◆ Exercise description: Begin at the line below that has "The Pennsylvania Railroad". Stop after the line that has "Small blue envelope, with", repeating each line exactly and leaving out the pictures.

##### Task input

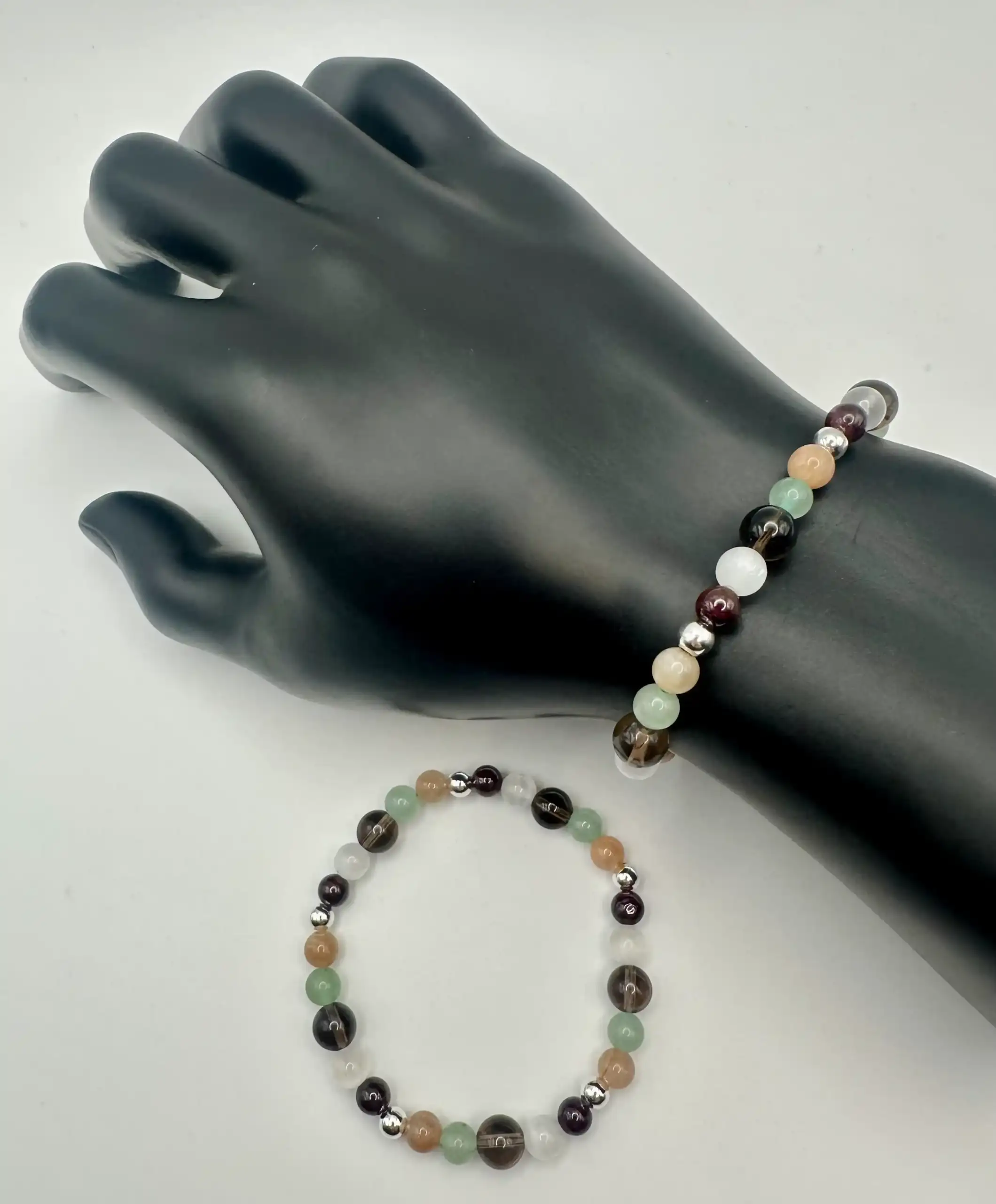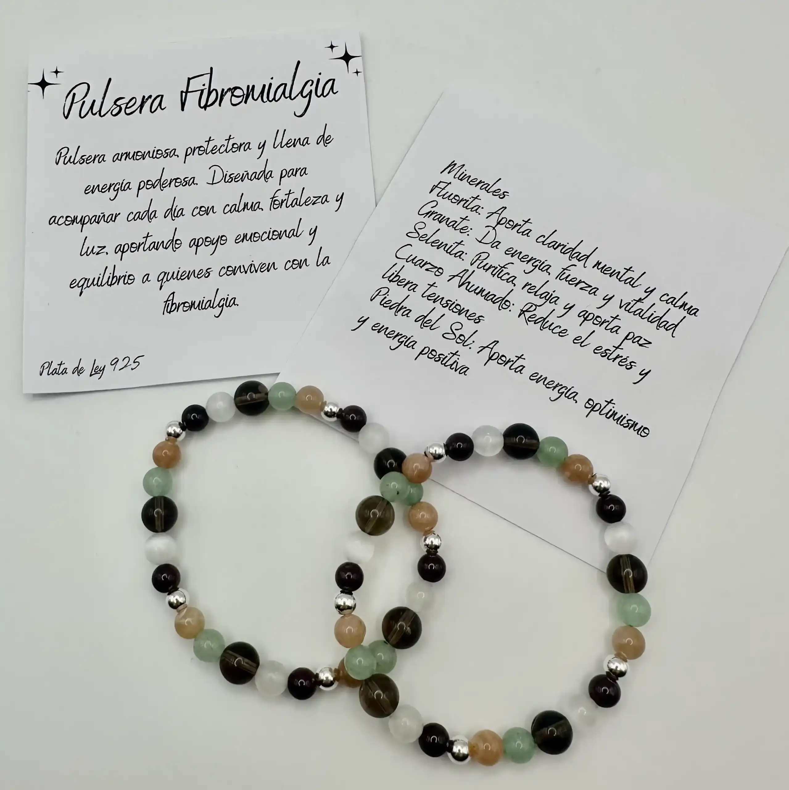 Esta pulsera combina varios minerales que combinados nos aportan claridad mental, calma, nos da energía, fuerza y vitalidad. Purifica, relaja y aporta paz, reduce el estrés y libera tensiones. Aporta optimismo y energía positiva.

##########
##### Task input

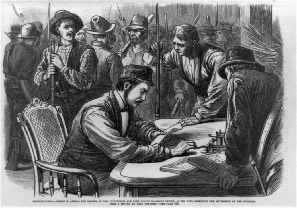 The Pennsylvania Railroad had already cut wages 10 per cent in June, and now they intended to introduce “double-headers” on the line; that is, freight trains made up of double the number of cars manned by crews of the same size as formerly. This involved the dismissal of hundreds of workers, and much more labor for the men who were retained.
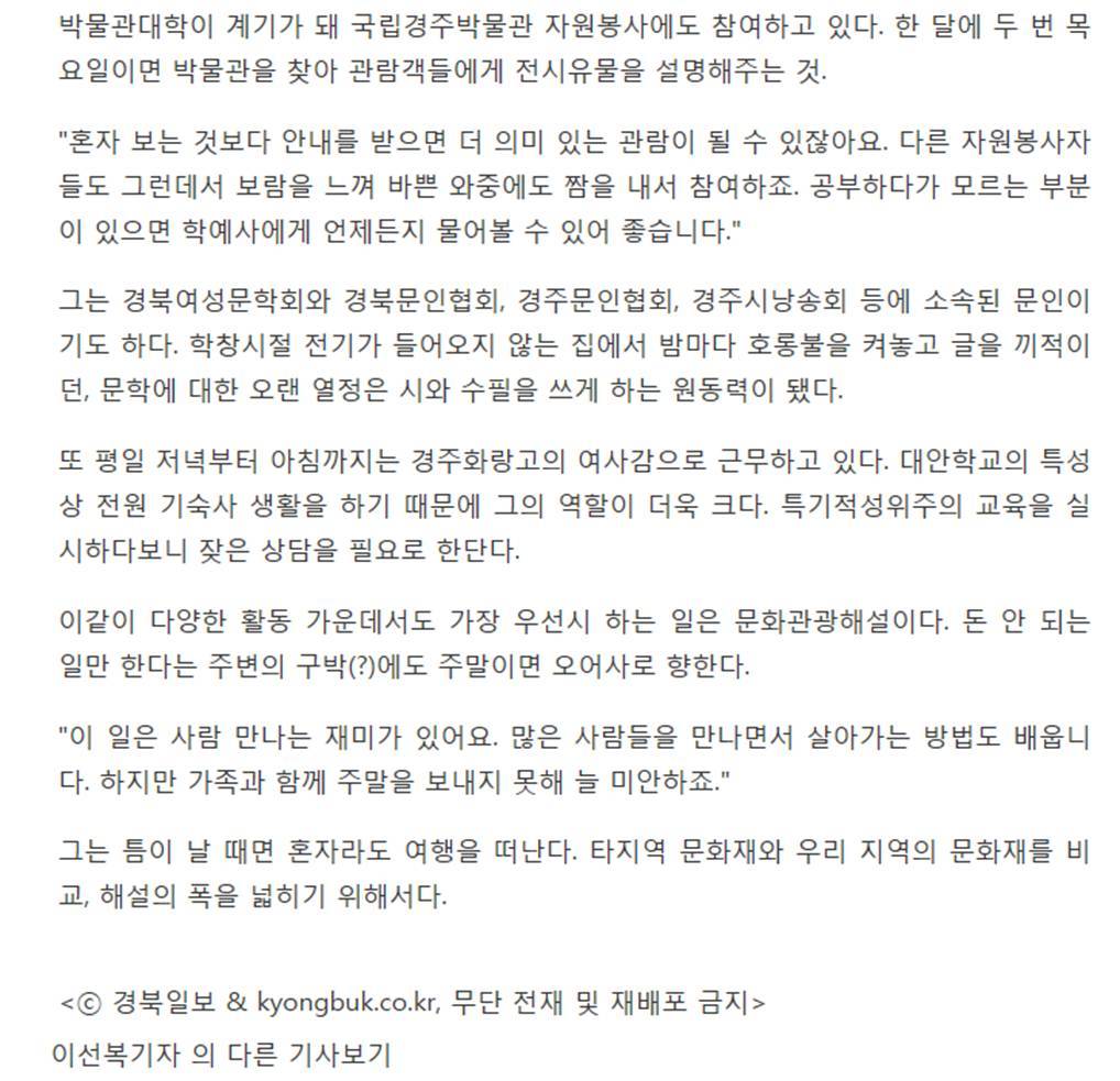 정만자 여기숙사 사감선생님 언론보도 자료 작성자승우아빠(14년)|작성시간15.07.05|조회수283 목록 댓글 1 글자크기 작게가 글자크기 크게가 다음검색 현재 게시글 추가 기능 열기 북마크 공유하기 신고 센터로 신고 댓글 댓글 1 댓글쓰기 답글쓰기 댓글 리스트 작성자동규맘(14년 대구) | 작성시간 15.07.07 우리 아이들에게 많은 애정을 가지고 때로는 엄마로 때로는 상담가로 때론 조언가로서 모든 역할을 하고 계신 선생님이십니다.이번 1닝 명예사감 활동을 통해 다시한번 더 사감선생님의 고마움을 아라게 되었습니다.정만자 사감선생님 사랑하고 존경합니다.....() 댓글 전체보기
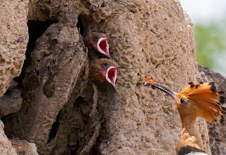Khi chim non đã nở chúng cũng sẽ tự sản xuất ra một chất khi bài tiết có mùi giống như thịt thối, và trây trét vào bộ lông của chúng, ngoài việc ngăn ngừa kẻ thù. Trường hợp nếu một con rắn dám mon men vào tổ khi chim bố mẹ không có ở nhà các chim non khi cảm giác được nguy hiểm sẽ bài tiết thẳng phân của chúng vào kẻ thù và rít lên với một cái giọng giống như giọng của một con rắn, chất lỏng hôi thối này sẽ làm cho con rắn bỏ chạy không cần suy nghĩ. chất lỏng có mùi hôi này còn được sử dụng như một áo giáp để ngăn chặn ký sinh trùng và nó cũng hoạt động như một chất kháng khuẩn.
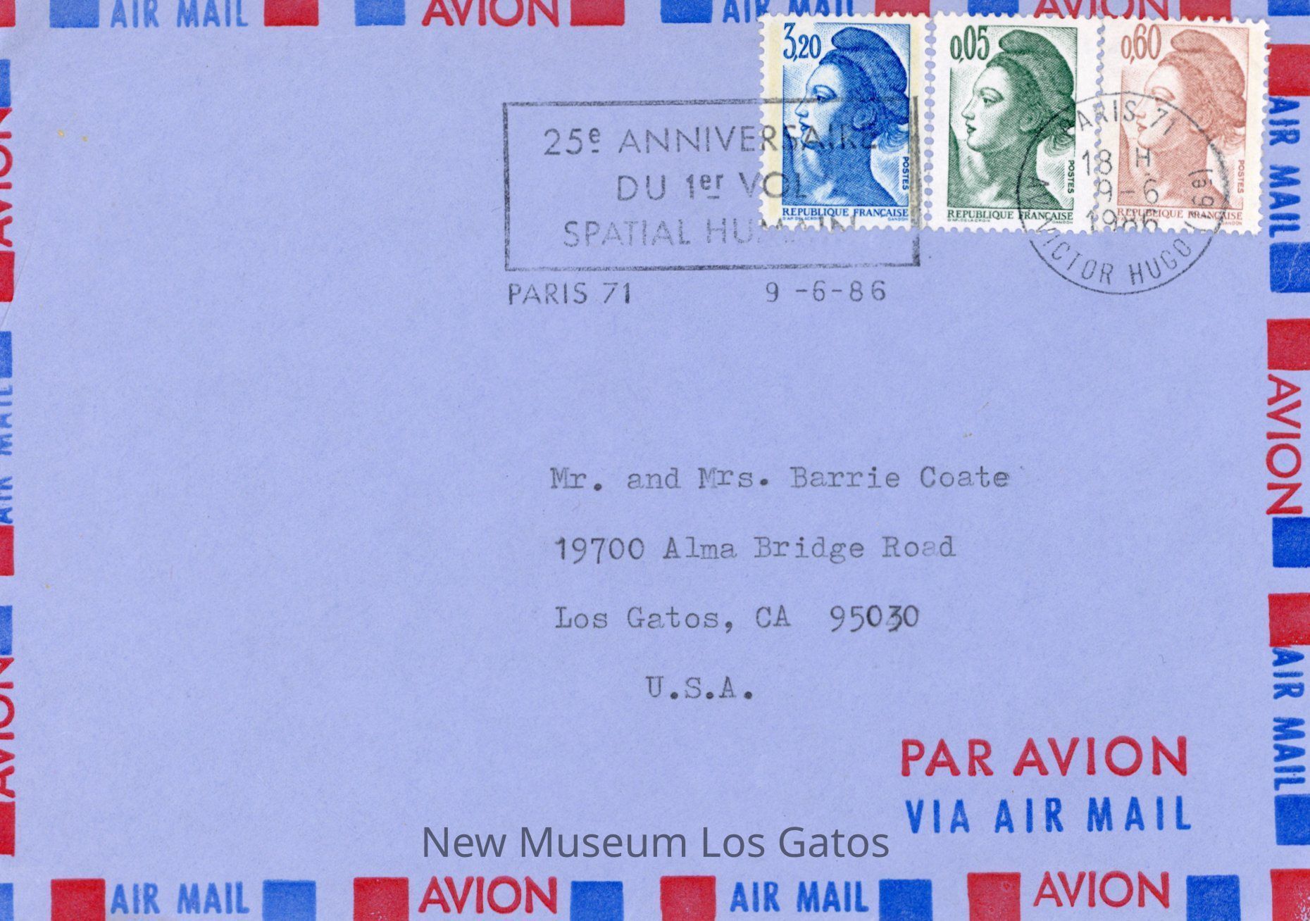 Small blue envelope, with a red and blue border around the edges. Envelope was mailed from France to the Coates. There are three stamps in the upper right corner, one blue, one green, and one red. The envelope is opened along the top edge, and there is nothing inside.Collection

##########
##### Task input

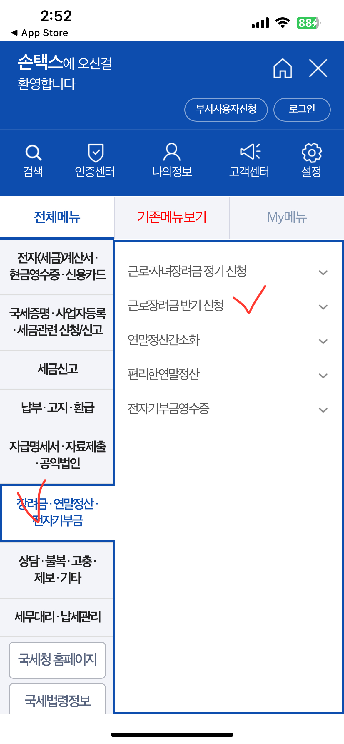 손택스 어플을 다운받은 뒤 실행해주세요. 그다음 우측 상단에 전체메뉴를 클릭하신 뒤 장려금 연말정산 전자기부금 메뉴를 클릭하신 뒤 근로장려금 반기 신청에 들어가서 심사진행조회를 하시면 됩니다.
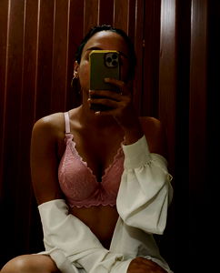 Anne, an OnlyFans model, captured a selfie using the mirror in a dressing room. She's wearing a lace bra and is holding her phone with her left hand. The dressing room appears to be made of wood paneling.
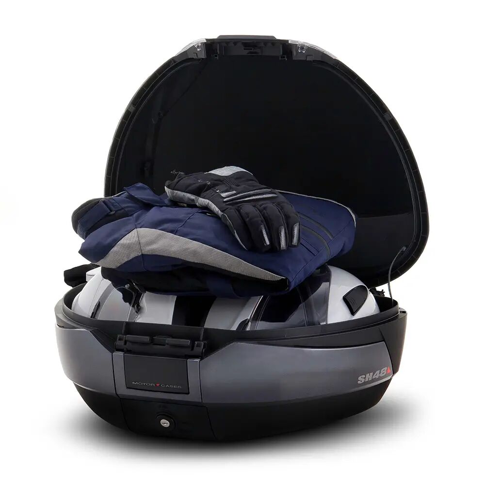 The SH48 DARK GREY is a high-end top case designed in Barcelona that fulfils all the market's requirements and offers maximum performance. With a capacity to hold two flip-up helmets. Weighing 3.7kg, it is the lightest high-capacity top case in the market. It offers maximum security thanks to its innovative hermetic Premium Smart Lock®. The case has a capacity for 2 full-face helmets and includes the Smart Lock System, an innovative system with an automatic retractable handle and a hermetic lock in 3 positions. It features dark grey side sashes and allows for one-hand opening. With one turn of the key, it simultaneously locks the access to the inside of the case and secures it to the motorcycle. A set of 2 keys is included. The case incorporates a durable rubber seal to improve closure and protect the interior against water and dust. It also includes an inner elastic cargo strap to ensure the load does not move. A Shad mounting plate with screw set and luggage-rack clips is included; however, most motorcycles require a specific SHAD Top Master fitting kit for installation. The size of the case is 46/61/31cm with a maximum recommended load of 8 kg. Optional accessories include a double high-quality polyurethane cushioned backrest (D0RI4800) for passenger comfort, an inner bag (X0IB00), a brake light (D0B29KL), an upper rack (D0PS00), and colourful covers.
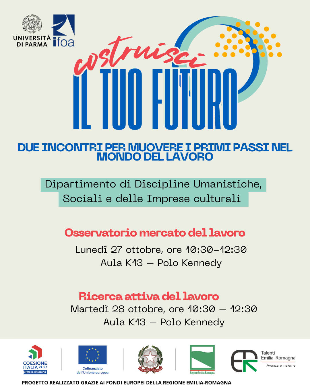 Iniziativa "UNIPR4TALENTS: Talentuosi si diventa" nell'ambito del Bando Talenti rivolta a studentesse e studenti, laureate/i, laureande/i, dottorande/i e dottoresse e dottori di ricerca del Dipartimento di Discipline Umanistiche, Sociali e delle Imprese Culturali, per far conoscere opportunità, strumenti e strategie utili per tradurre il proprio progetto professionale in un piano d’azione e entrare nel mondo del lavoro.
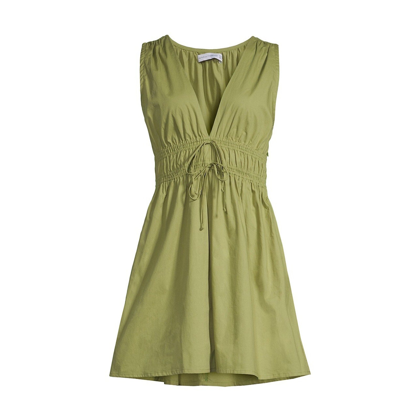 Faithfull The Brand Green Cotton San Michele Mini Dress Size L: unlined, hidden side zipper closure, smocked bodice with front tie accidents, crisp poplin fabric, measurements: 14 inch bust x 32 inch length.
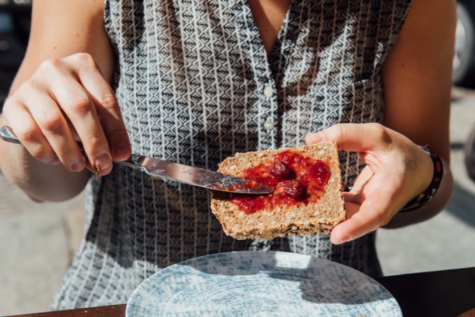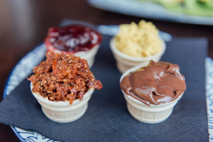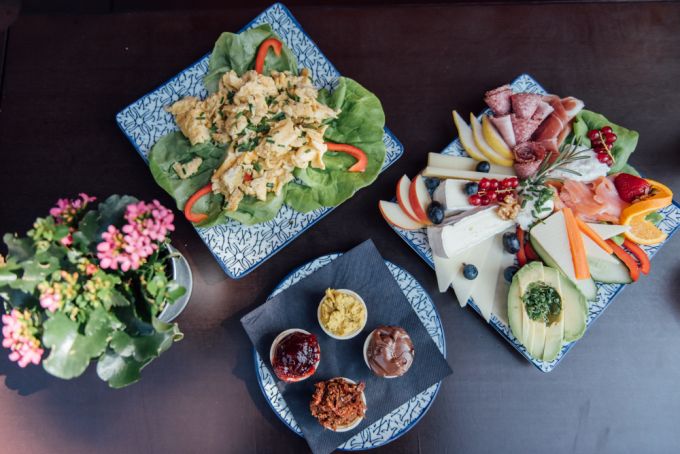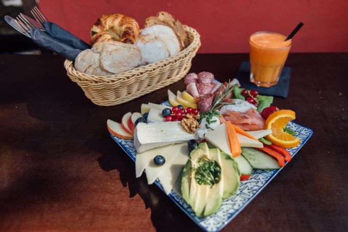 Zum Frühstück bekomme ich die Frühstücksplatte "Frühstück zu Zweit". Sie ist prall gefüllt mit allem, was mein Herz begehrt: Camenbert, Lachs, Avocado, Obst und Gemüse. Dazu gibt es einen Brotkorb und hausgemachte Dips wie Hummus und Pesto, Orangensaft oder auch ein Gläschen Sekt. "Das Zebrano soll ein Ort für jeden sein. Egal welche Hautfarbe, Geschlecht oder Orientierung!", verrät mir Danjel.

##########

◆ Worked solution:
 The Pennsylvania Railroad had already cut wages 10 per cent in June, and now they intended to introduce “double-headers” on the line; that is, freight trains made up of double the number of cars manned by crews of the same size as formerly. This involved the dismissal of hundreds of workers, and much more labor for the men who were retained.
 정만자 여기숙사 사감선생님 언론보도 자료 작성자승우아빠(14년)|작성시간15.07.05|조회수283 목록 댓글 1 글자크기 작게가 글자크기 크게가 다음검색 현재 게시글 추가 기능 열기 북마크 공유하기 신고 센터로 신고 댓글 댓글 1 댓글쓰기 답글쓰기 댓글 리스트 작성자동규맘(14년 대구) | 작성시간 15.07.07 우리 아이들에게 많은 애정을 가지고 때로는 엄마로 때로는 상담가로 때론 조언가로서 모든 역할을 하고 계신 선생님이십니다.이번 1닝 명예사감 활동을 통해 다시한번 더 사감선생님의 고마움을 아라게 되었습니다.정만자 사감선생님 사랑하고 존경합니다.....() 댓글 전체보기
Khi chim non đã nở chúng cũng sẽ tự sản xuất ra một chất khi bài tiết có mùi giống như thịt thối, và trây trét vào bộ lông của chúng, ngoài việc ngăn ngừa kẻ thù. Trường hợp nếu một con rắn dám mon men vào tổ khi chim bố mẹ không có ở nhà các chim non khi cảm giác được nguy hiểm sẽ bài tiết thẳng phân của chúng vào kẻ thù và rít lên với một cái giọng giống như giọng của một con rắn, chất lỏng hôi thối này sẽ làm cho con rắn bỏ chạy không cần suy nghĩ. chất lỏng có mùi hôi này còn được sử dụng như một áo giáp để ngăn chặn ký sinh trùng và nó cũng hoạt động như một chất kháng khuẩn.
 Small blue envelope, with a red and blue border around the edges. Envelope was mailed from France to the Coates. There are three stamps in the upper right corner, one blue, one green, and one red. The envelope is opened along the top edge, and there is nothing inside.Collection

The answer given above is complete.